The findings Dr. Semler reported came from the Isotonic Solutions and Major Adverse Renal Events Trial (SMART), which randomized 7,860 ICU patients to treatment with 0.9% saline fluid and 7,942 ICU patients to treatment with balanced crystalloid fluid, either lactated Ringer’s or Plasma-Lyte A. The study’s primary endpoint was the combined 30-day rate of in-hospital death, incident need for renal replacement therapy, or at least a doubling of the patient’s baseline creatinine level, a marker of persistent renal dysfunction.

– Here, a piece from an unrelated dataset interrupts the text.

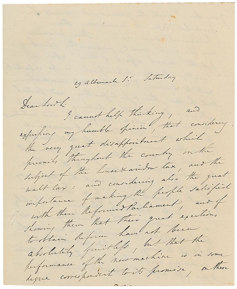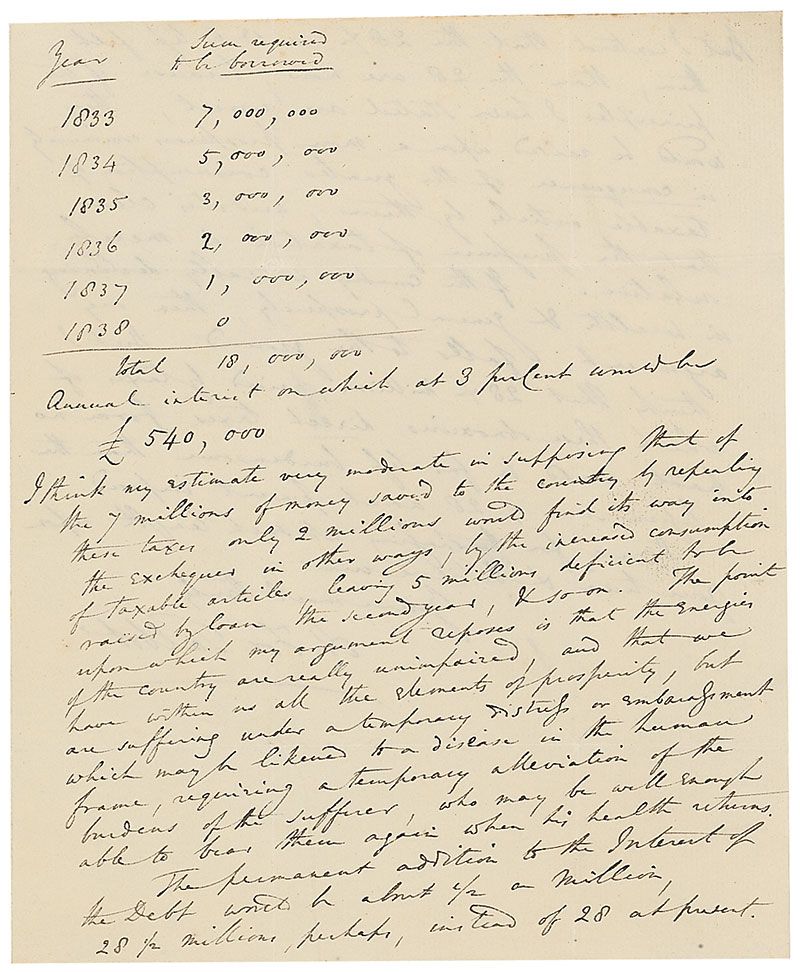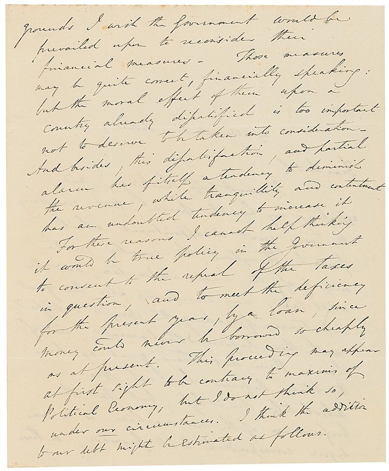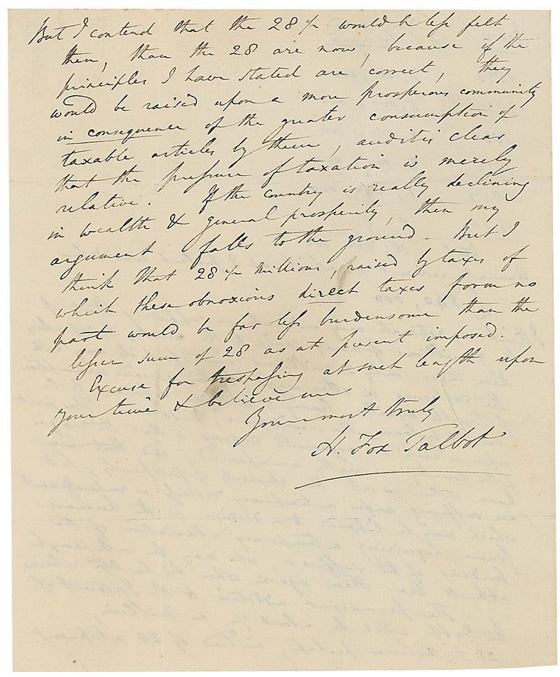 British inventor and photography pioneer (1800–1877) who introduced the calotype process in 1841; he was also active in politics, serving as a member of Parliament between 1832 and 1835. Rare ALS signed “H. Fox Talbot,” four pages on two adjoining sheets, 7.25 x 9, no date but circa 1832. Letter to Henry Petty, 3rd Marquess of Landsdowne regarding what he considers a new method of taxation, that he explains at length. In part: “Considering the great disappointment which prevails throughout the country on the subject of the house & window tax, and malt tax…I wish the Parliament would be prevailed upon to reconsider their financial measures—those measures might be quite correct, financially speaking; but the moral effect of them upon a country already dissatisfied is too important not to deserve to be taken into consideration…this dissatisfaction, and partial alarm has of itself a tendency to diminish the revenue, while tranquility and contentment has an undoubted tendency to increase it.” In fine condition, with intersecting folds (one vertical fold passing through a single letter of the signature). An early letter, and one of a handful of Talbot that have been offered in the market in the past 35 years.

This outcome occurred in 14.3% of patients on balanced crystalloid fluid and 15.4% on saline, a 1.1% statistically significant absolute difference. The endpoint components showed that patients treated with balanced crystalloid had 0.8% less in-hospital death and 0.4% less incident renal replacement therapy; both of these between-group differences were close to having statistical significance. The two treatment groups showed less difference in the rate of persistent renal dysfunction.

The second trial had an identical design but ran instead in the emergency department. The Saline Against Lactated Ringers or Plasmalyte in the Emergency Department (SALT-ED) trial randomized 6,708 to receive balanced crystalloid and 6,639 to receive saline. The combined primary renal endpoint was 0.9% less frequent with balanced crystalloid fluid, a statistically significant difference, Dr. Self, an emergency medicine physician at Vanderbilt, reported at the meeting. In this study the between-group differences for both incident renal replacement therapy and persistent renal dysfunction were statistically significant in favor of balanced crystalloid, but the between-group mortality difference was not significantly different.

The reason why balanced crystalloid fluid produced better renal outcomes than saline remains unclear. Both Dr. Semler and Dr. Self noted that the two balanced crystalloid fluids used in the study have chloride levels that closely match normal plasma levels, but the chloride concentration in 0.9% saline is about 50% higher than plasma. Some researchers have hypothesized, based on animal findings, that this difference may influence inflammation, blood pressure, acute kidney injury, and renal vasoconstriction.

The SMART and SALT-ED trials received no commercial funding. Dr. Semler had no disclosures. Dr. Self has been a consultant to Abbott Point of Care, BioTest, Cempra, Ferring, Gilead, and Pfizer.